俗に「油を売る」という表現がある。無駄に時間をつぶす行為を指すのだが、油を売る代金がマイナスになる場合があるとは、想像したことがなかった。4月21日のニューヨーク市場の原油先物取引(5月渡)は、大幅なマイナス価格で大引けた。
原油価格暴落の「金融システムへの影響」が心配だ
主な売り主体はファンドのようだ(ETF=上場投資信託との情報も)。
顧客からの解約に応えるためか、損切りか、現物を引き取る貯蔵施設などのキャパシティーがないか、何れかのやむを得ない事情で原油先物の買い建てポジションを手仕舞うために投げ売りしたようだ。
ここまでは、相場の世界ではよくある話だ。しかし、買い向かう参加者がなかなか現れなかったために、マイナス圏まで下落しないと値が付かない事態に陥った。「お金を払うから、原油を引き取って欲しい」という内容の取引なので、ありうるケースではあるのだが、ひどい話だ。
普通なら、価値のある商品を手に入れるためには何らかの対価を払っていいと誰でも思う。

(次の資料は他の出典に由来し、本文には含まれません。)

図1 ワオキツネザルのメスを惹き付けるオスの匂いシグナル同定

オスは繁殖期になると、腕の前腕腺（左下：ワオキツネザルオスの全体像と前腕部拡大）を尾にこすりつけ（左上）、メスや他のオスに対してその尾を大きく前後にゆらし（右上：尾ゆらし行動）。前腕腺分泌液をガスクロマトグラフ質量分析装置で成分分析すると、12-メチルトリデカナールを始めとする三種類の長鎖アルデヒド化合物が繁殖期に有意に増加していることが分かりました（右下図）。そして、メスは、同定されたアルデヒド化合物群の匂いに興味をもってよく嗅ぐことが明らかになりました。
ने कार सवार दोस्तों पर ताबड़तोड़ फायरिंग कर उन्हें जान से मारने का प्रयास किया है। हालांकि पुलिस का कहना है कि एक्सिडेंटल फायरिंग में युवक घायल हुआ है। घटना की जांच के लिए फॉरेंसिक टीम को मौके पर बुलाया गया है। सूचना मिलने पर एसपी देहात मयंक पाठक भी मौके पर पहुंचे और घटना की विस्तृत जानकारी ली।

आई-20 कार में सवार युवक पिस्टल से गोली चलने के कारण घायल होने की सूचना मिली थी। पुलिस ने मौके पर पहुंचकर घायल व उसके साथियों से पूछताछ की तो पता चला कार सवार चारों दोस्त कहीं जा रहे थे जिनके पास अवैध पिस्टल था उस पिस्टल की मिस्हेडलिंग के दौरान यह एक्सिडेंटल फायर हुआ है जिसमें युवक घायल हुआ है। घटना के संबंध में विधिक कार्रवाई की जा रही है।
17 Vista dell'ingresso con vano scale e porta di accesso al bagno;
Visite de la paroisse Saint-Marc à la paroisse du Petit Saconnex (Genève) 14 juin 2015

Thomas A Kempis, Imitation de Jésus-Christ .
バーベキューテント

十分安くなれば買う。しかし、市場参加者が手配できる原油貯蔵施設のキャパシティーが一杯で、5月渡しの原油の現物を受け入れが難しくて、マイナス価格が発生したという。コロナウイルス問題で経済活動が急減速したために、需要が急減して在庫が溜まったことが背景にあった。
不幸なことに日本に住むわれわれはデフレに馴染んでいるし、近年先進国では中央銀行の政策で「マイナス金利」が発生しているので、大概のものがマイナスになっても驚かなくなっているのだが、「マイナスの原油価格」には驚いた。
原油価格は、翌日には1バレル=10ドル台前半に戻ったのだが、1月には65ドルを付けていたのだから、この価格は「大変なこと」だ。
日本は原油の輸入国なので、原油価格の下落は、ガソリン価格の下落や、電気料金の下落(スピードが遅いけど)などにつながる経済的好材料のはずなのだが、変化がこれだけ急だとのんびり喜んではいられない。端的に言って、エネルギー関連の融資や投資の損失が、金融システムに与える影響が心配だ。